[Data items]
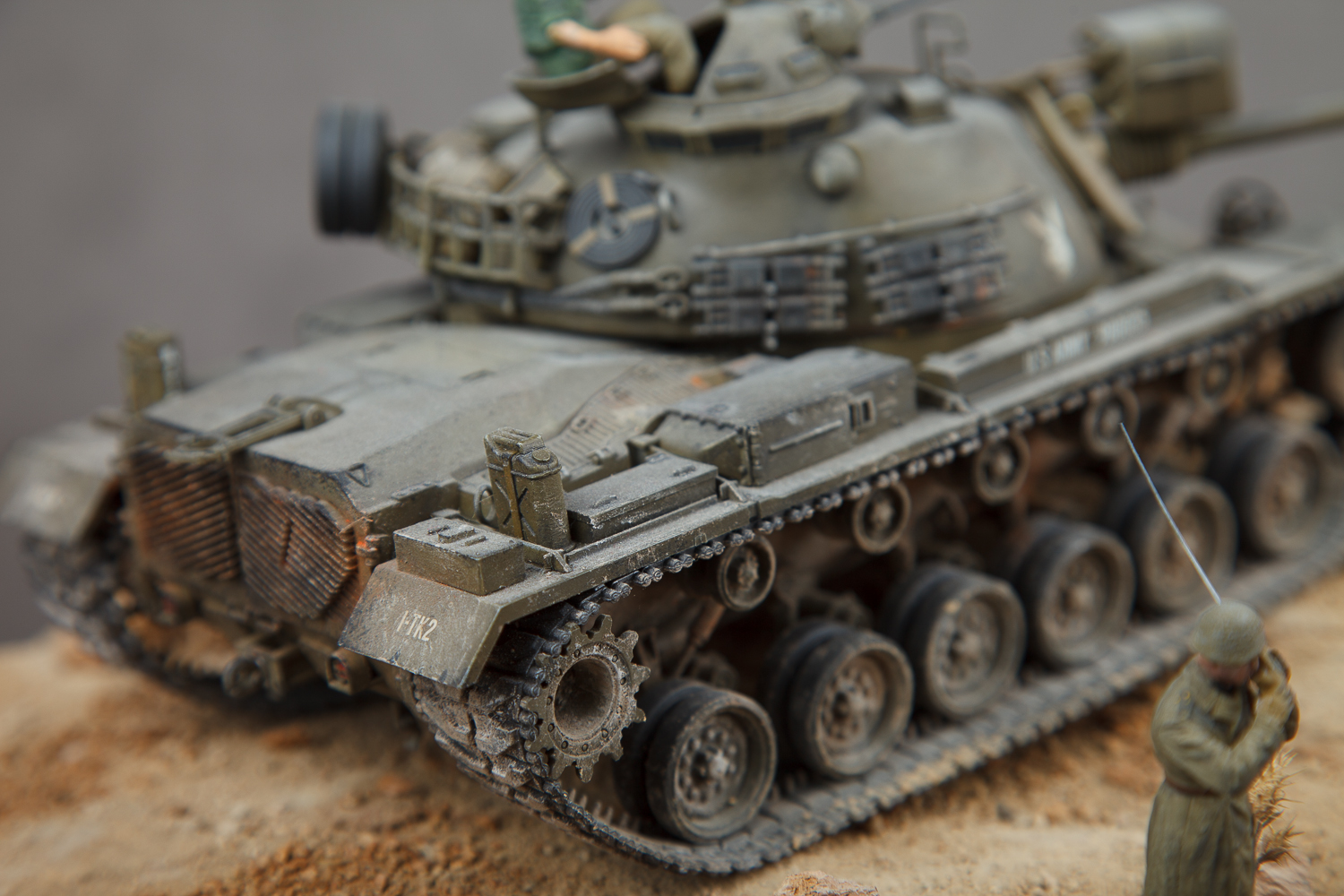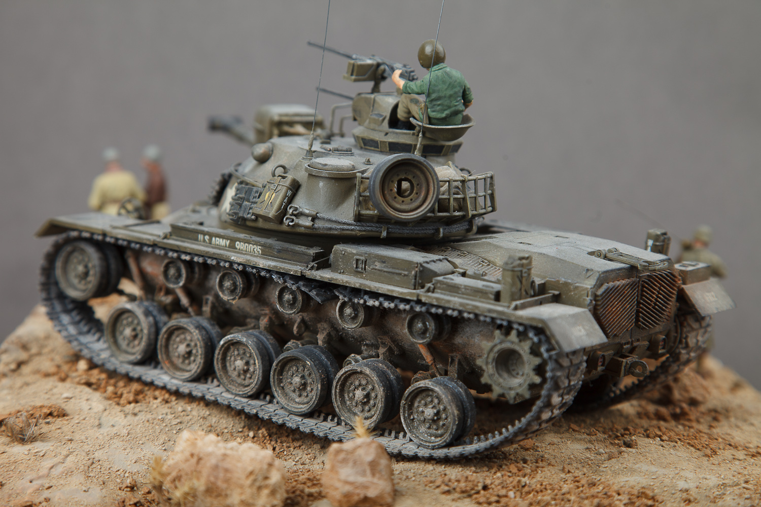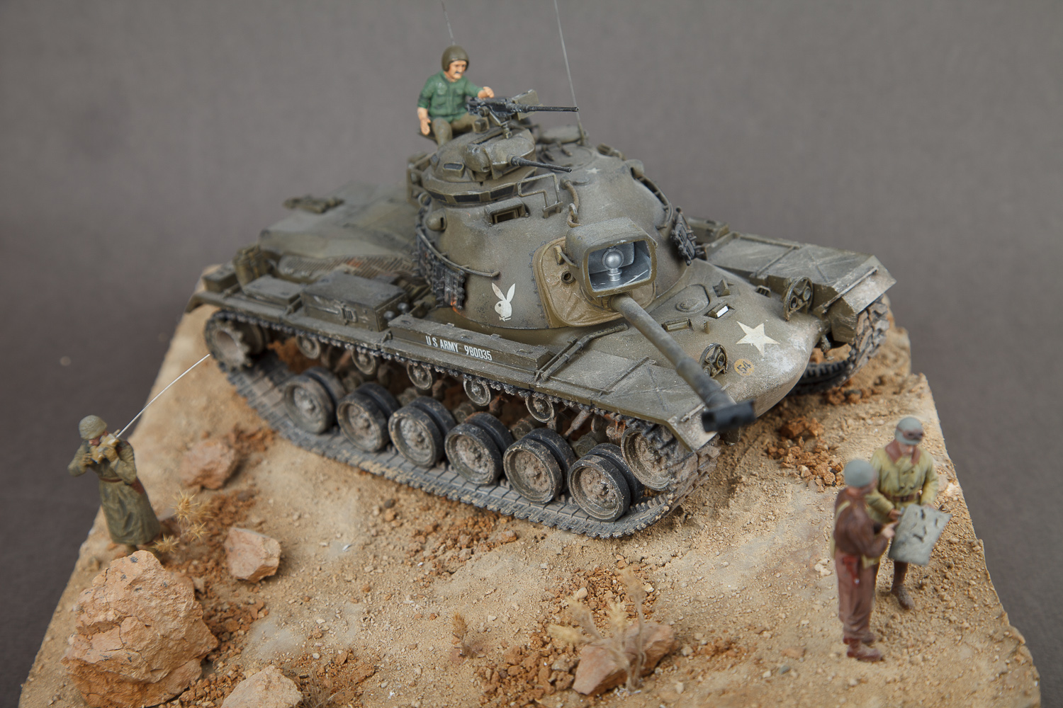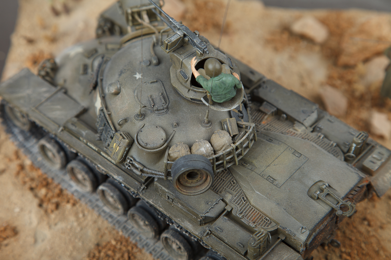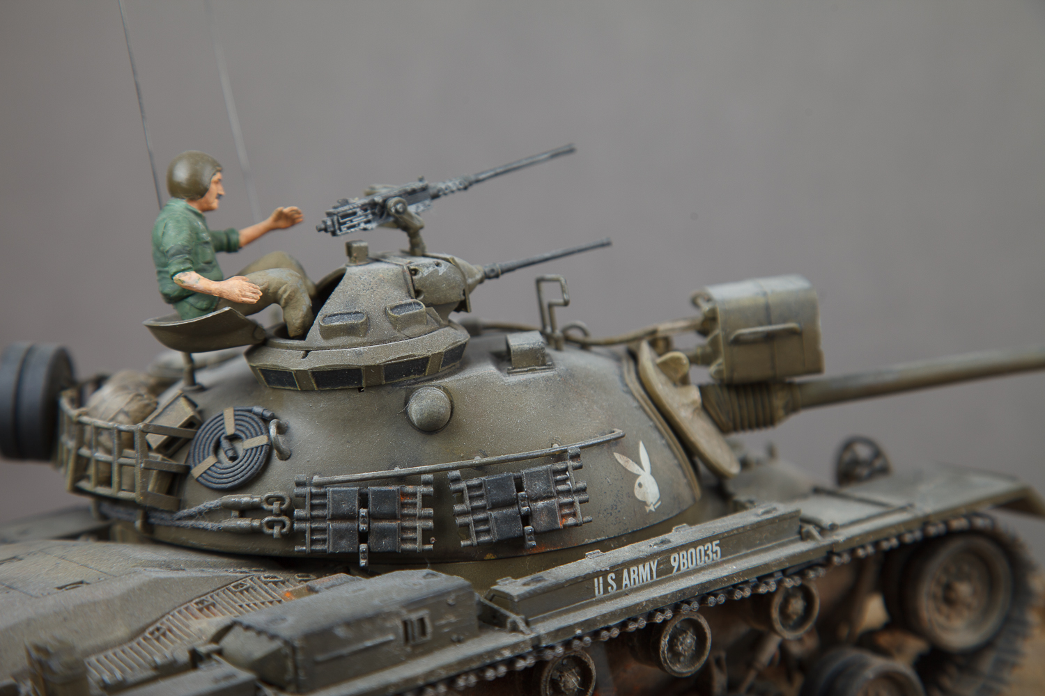 "Смешались в кучу кони, люди...", танк и танкисты из разных эпох... Я понимаю, первый раз и всё такое. Но можно же хотя бы подсыпать земли под гусеницы, чтоб они не висели в воздухе? Крепление дополнительных траков к поручням башни изобразить, а то сейчас они как магнитики на холодильнике. Добавить рукоятки к нештатному пулемёту на командирской башенке и убрать из неё штатный(поскольку, обычно это был один и тот же пулемёт, который во Вьетнаме предпочитали снимать со штатного места и устанавливать на самодельном шкворне снаружи). Антенны из проволоки/струны это, наверное, ошибка всех начинающих. Сам когда то с ними маялся. "Убил" немало антенных входов. Гораздо проще и реалистичнее делать антенны из тянутого литника. Вот, какие то такие впечатления. Окраска танка на общем фоне смотрится неплохо.
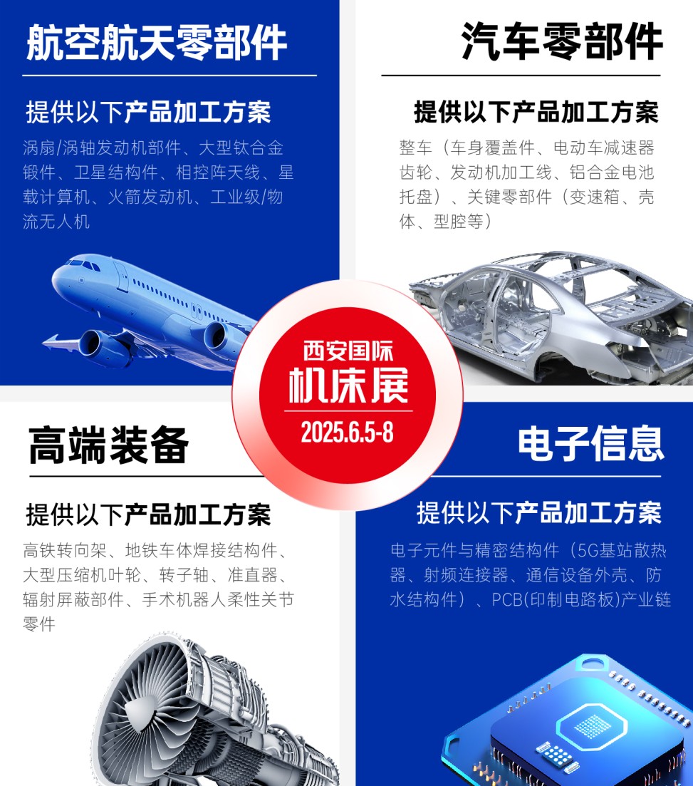 2025西安國(guó)際機(jī)床展,將成為產(chǎn)業(yè)巨頭與創(chuàng)新力量的引力場(chǎng)!航空航天、汽車(chē)制造、高端裝備、電子信息四大領(lǐng)域應(yīng)用終端買(mǎi)家陸續(xù)邀請(qǐng)中,中國(guó)航發(fā)、陜西航空電氣、三星、比亞迪、中國(guó)能建、秦川集團(tuán)、中國(guó)電子科技等百余家頭部企業(yè)將攜需求而來(lái),開(kāi)啟中西部工業(yè)母機(jī)行業(yè)商機(jī)與人脈的“黃金窗口”。
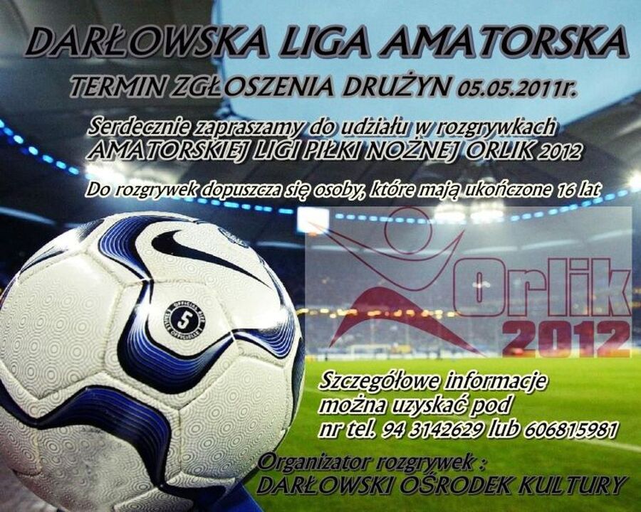 Darłowski Ośrodek Kultury zaprasza wszystkich miłośników piłki nożnej do udziału w Amatorskiej Lidze Piłki Nożnej ORLIK 2012. Do rozgrywek dopuszcza się osoby, które mają ukończone 16 lat.
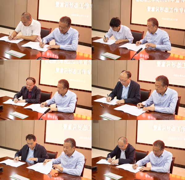 会上,校党委书记与各党总支(直属党支部)书记、各部门主要负责人分别签订《2024年度意识形态工作责任书》。
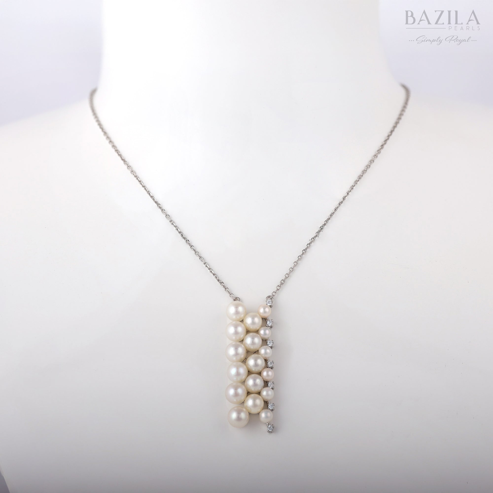 This exquisite pendant features a stunning cluster of Seawater Cultured Akoya Pearls, gracefully arranged in a vertic...

§ HOW TO COMPLETE THIS TASK: Retype precisely, and only, the lines from the one holding "会上,校党委书记与各党总支(直属党支部)" through the final line of the data above, with the pictures omitted.

§ RESPONSE BELOW:
 会上,校党委书记与各党总支(直属党支部)书记、各部门主要负责人分别签订《2024年度意识形态工作责任书》。
 This exquisite pendant features a stunning cluster of Seawater Cultured Akoya Pearls, gracefully arranged in a vertic...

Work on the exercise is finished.